Aljadeff’s basic science research seeks to identify oral cancer tumors that are highly aggressive, especially when they have been detected early and are still small.  “We know how advanced a tumor is when it’s first discovered, but we don’t know how aggressive the molecular biology of that tumor is,” he said.  “If we could determine which early-stage tumors are particularly aggressive, we might be able to treat them more effectively.  Eventually, we hope clinicians can personalize treatment to the specific molecular signature of each patient’s tumor.”

“Many Opportunities to Excel”

Aljadeff said his achievements are the result of the education he has received at the U-M School of Dentistry.  “This school offers students many opportunities to excel.  One of the greatest strengths our school has is that it exposes us to all facets of dentistry and then offers us many opportunities to pursue whatever gets us excited, whether it’s basic science research, organized dentistry, or public health.”

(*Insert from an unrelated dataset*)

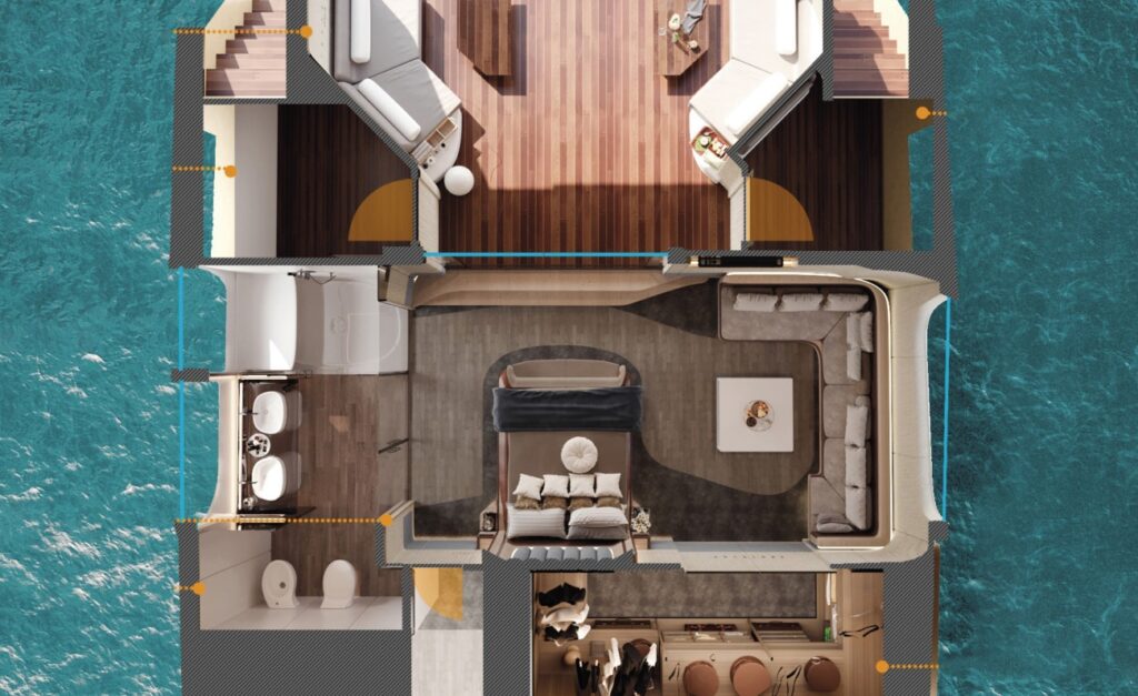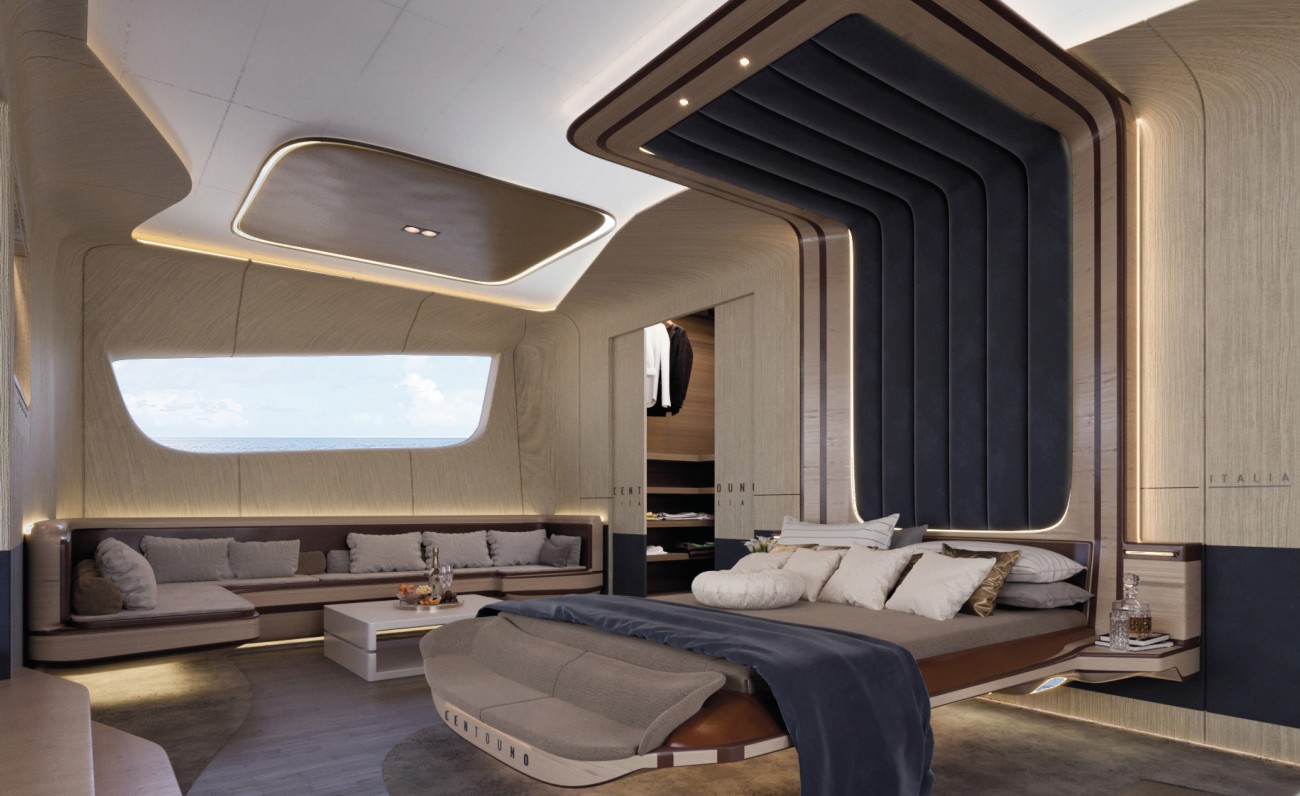 La cabina armatoriale si apre direttamente sugli ambienti posteriori della barca, consentendo una vista diretta sull\'acqua. Gli armatori hanno la possibilità di personalizzare la disposizione delle cabine, includendo fino a cinque per gli ospiti e quattro per l\'equipaggio. L\'imbarcazione integra scelte di progettazione che mirano a garantire la massima privacy. Per questo la zona notte è leggermente ribassata rispetto alla parte posteriore della barca, mentre l\'area living si trova su un piano intermedio e il ponte superiore risulta completamente integrato nel design laterale. Molta attenzione è stata data anche agli arredi, realizzati in collaborazione con lo studio di architettura milanese Grandi Architetture & Partners di Massimo Marzorati

He said his mentor, Dr. Theodora Danciu, “challenged me to think critically about patient care and to ask questions that generate good research.”  Danciu is a clinical assistant professor in the Department of Periodontics and Oral Medicine.  “Being mentored by Dr. Danciu and those like her who love to teach and are passionate about what they do is what makes dental education at the University of Michigan School of Dentistry so incredibly valuable,” he added.

Aljadeff is also a second lieutenant in the U.S. Air Force.  After earning his dental degree next May, he hopes to begin a residency program in oral and maxillofacial surgery.  He wants to apply his skills at military teaching hospitals and eventually return to academia.